By Lorenzo .. - posted Thursday, 14 June 2012

Conservative philosopher-blogger Keith Burgess-Jackson had already predicted that, if Obama loses the November 2012 election, the Left will say it was because of race. Now some social science has popped up to support precisely such a claim. A study (pdf) has used racially-charged Google searches to estimate how much less Obama's share of the popular vote was in November 2008 than one would expect based on the performance of other Democratic Party candidates in that election. (A newspaper blog post by the author summarising the research is here.) As predicted, Andrew Sullivan is already citing the data as explaining why Obama's chances for re-election is poor.

There is something a little odd about the result in the study, given that the only other postwar American Democratic Presidential candidates to get a majority of the popular vote were Carter in 1976 (50.08%) and LBJ in 1964 (61.05%). So Obama's 52.87% is the second-highest Democratic Presidential result in 16 Presidential elections. Harvard economics doctoral candidate Seth Stephens-Davidowitz's study implies that Obama "should" have got 56-58% of the vote, which would have made been an extraordinary performance. (The study estimates a 4-6 %point loss from racial animus and a 1%point gain from being black, netting out to a 3-5 %point loss in votes.)

How extraordinary? Well, the big winners in US Presidential elections are typically incumbent Presidents. George Bush senior 1988, the incumbent VP for a popular President, did better than Obama (53.37%).
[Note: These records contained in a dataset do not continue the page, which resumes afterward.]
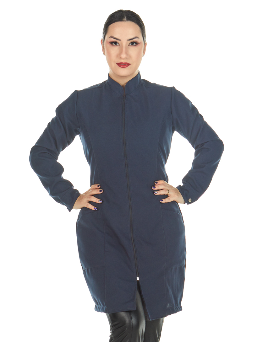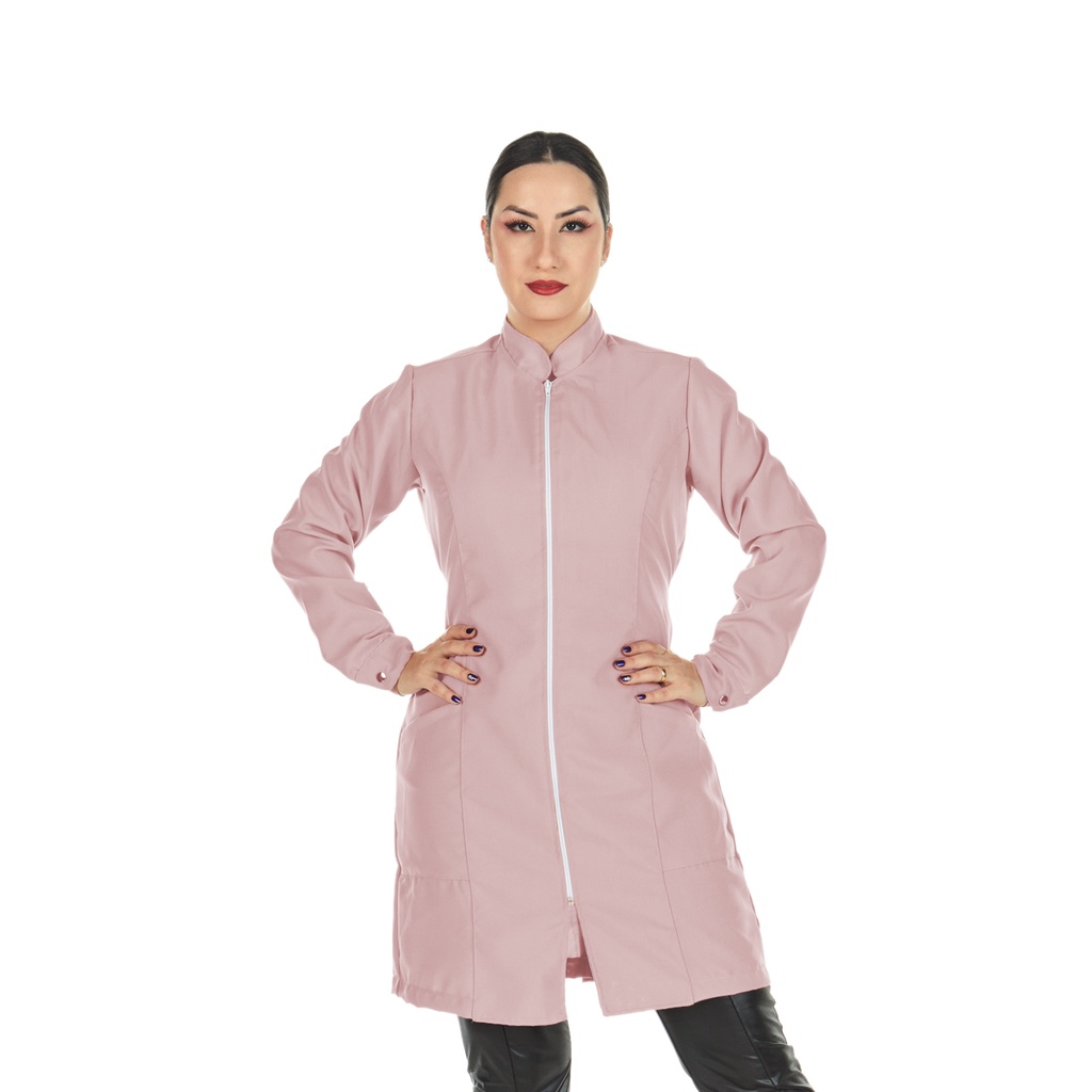 Jaleco Feminino Acinturado Oxford Manga Longa Com Zíper Gola Padre Várias Cores Estética Enfermagem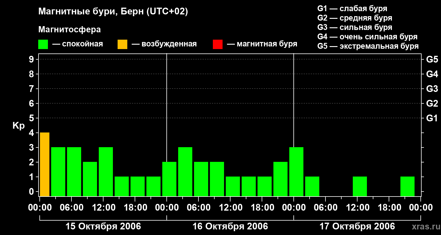 Изменения геомагнитного индекса Kp с 15 по 17 октября 2006 года для средних широт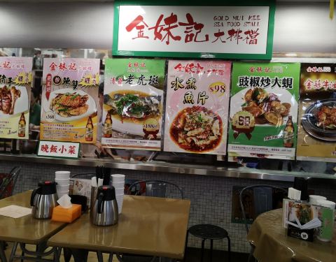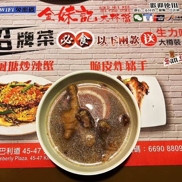 香港的美食一直以来都是相当的多,为了吃,我可以多次下来香港觅食,但这次过来的话,是带着任务过来的,不过也还是可以吃的,毕竟吃东西是最大的乐趣,这次刚好去中环附近,就过来尖沙咀这边吃金妹记。 (装修中...香港的美食一直以来都是相当的多,为了吃,我可以多次下来香港觅食,但这次过来的话,是带着任务过来的,不过也还是可以吃的,毕竟吃东西是最大的乐趣,这次刚好去中环附近,就过来尖沙咀这边吃金妹记。 (装修中的好吃之地) 尖沙咀的金妹记本来是很好找的,我因为现在外面在施工,所以的话还是花了一番心思才能够找得到,找到金佰利广场之后,其实是在对面的,离尖沙咀地铁站并不算是特别的远,外面挂着很大的一个彩图,其实就是说装修中,店在内。 (大排档) 虽然是在建筑物里面,但是并不影响它的大排档属性,要去负一层之后就会发现另外的一片天地,就好像置身于街道上面一般,整个装潢都是大排档的装修让人感觉到十分的亲切,就算是工作日的中午也是坐满了。 (大啤酒) 既然来大排档,肯定就要喝啤酒了,那一瓶生力跟老爸两个人就喝起来了,这边喝酒是用大碗子的,说咱们南方人喝酒小气,这明显就是十分大气。 (避风塘炒蟹) 这是这里的重头戏,也是做得最好的菜之一,分量特别的足够,而且对于这边的物价来说算是比较便宜了,肉相当的多,够火候,一直以来都很喜欢香港大厨做粤菜。 (酱油大虾) 阿虾也是十分的新鲜,个头十分大,虽然只有两个,但是吃起来也是挺满足的。 (鲍鱼) 鲜鲍鱼,点酱油跟芥末一起吃的,很清新的口感。 (辣子鸡) 没想到香港人也喜欢吃辣子鸡,菜的分量还算是不错的,但也真的是挺够辣的。 (炒牛可) 绝对是香港粤菜之中的必点,的确是做得相当的不错,份量比较的大,我就是不知道为什么墙壁上面说38,但是下单的时候是58。 (柠檬茶) 这个茶是做活动送的,也是挺解渴的,很不错。 (炒菜) 那样也还算是可以的,锅气可以。 (性价比) 可以看到这里的肉蟹是每天都新鲜运到的,怪不得那么好吃,服务也是相当不错的,而且的话,餐厅里面有独立的洗手间也是挺干净卫生的,的确是大排档必去之处。
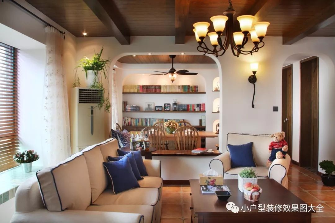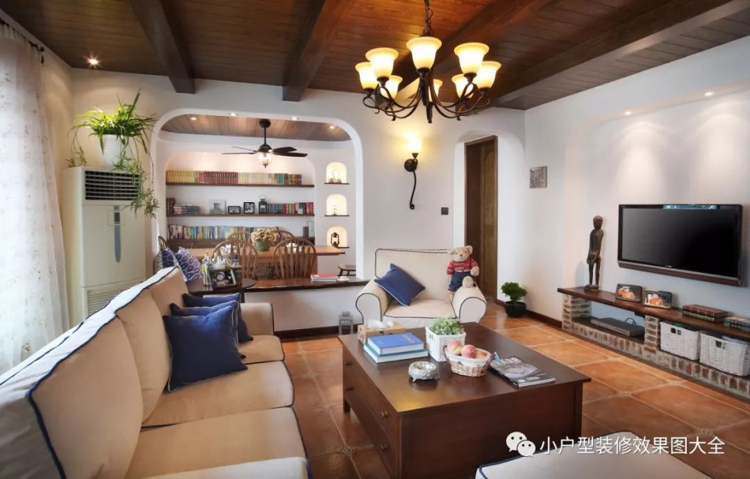 装修风格小测试,百分之八十的人都说喜欢这种风格!今天,小编要和大家分享的这个90平米的两居室小户型,是一个混搭有地中海风格和复古风格的房子,从整个房子的用色和格局的设计上,给人一种身处百年古宅的意境感。加下来,就和小编一起来看看吧,喜欢的朋友们可以参考一下哦!客厅的装修效果图整个客厅中用悬吊式木制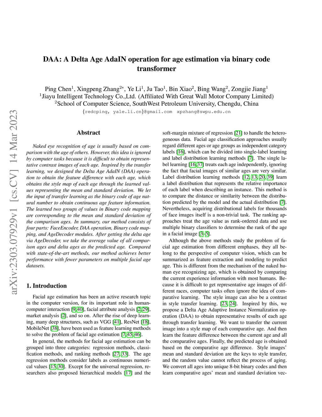 DAA: A Delta Age AdaIN operation for age estimation via binary code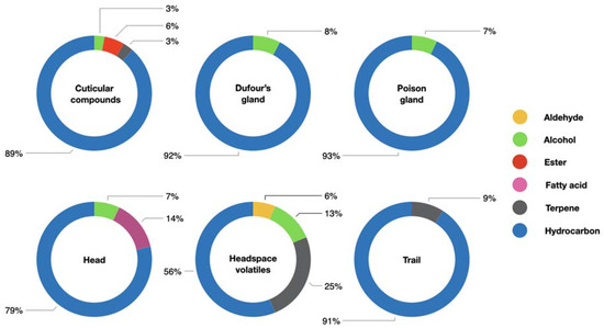 Previous studies of O. smaragdina chemical ecology have yielded a fragmentary and incomplete knowledge of the compounds produced and emitted by this ecologically and economically important ant species [15,16,17]. We identified a total of 59 compounds from the cuticle, Dufour’s gland, poison gland, head, headspace volatiles, and trails of O. smaragdina workers, including aldehydes, alcohols, carboxylic acid, esters, fatty acids, terpenes and hydrocarbons (Figure 1). This analysis provides essential foundations for functional studies investigating the role of specific compounds, as well as investigation of regional and colony variation in chemical profile.

But the big postwar winners were: Ronald Reagan 1984 (58.77%); Richard Nixon 1972 (60.67%); LBJ 1964 (61.05%);Eisenhower 1956 (57.37%); and, the only non-incumbent big winner, Eisenhower 1952 (55.18%). So, Seth Stephens-Davidowitz's regression on the results from a single election suggest that Obama should have got the best non-incumbent Party candidate result in the postwar era, even beating out war-hero Eisenhower, who won big after the Democrats had been in office for 5 consecutive Presidential terms (1932-1952) and (like the Republicans in 2008) had the burden of a very unpopular incumbent in the midst of a much bigger war.


Thus, just eye-balling the historical data, we have reasons to be sceptical about the result of Stephens-Davidowitz's study.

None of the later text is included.